**Work order**:
The listing below should be printed again word for word, without any images.
**** Data provided
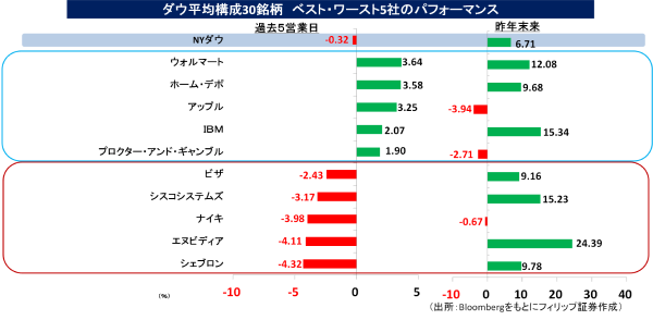 S&P500業種別およびダウ平均構成銘柄騰落率(9/5現在)
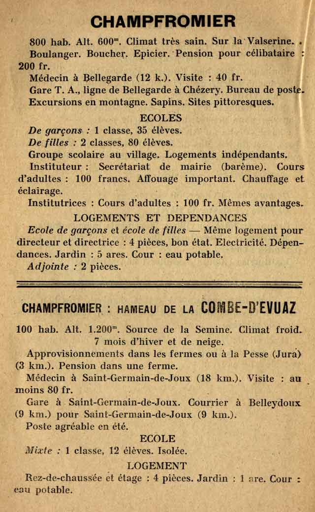 Recherche instituteurs et institutrices pour Champfromier, chef lieu et Combe d'Evuaz, c'est ce qu'exprimait l'Annuaire des postes d'institutrices et d'instituteurs publics du département de l'Ain en 1923. Dans un cas on bénéficie du secrétariat de mairie et d'un affouage important, dans l'autre cas d'une classe à 12 élèves, en un poste agréable l'été...
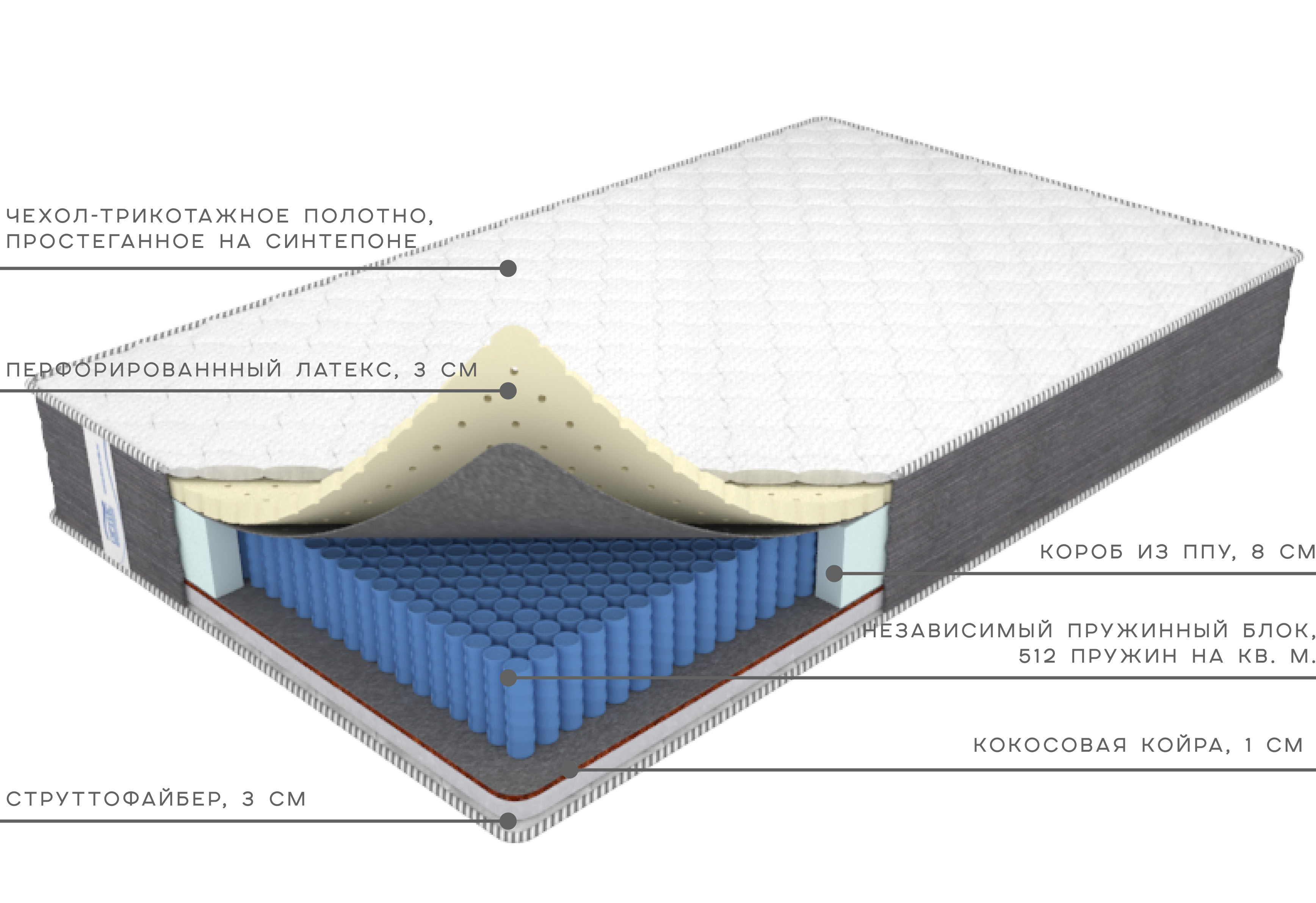 Короб из ППУ по периметру сохраняет форму матраса и предотвращает проседание краёв.
********
**Answer to the problem**:
 S&P500業種別およびダウ平均構成銘柄騰落率(9/5現在)
 Recherche instituteurs et institutrices pour Champfromier, chef lieu et Combe d'Evuaz, c'est ce qu'exprimait l'Annuaire des postes d'institutrices et d'instituteurs publics du département de l'Ain en 1923. Dans un cas on bénéficie du secrétariat de mairie et d'un affouage important, dans l'autre cas d'une classe à 12 élèves, en un poste agréable l'été...
 Короб из ППУ по периметру сохраняет форму матраса и предотвращает проседание краёв.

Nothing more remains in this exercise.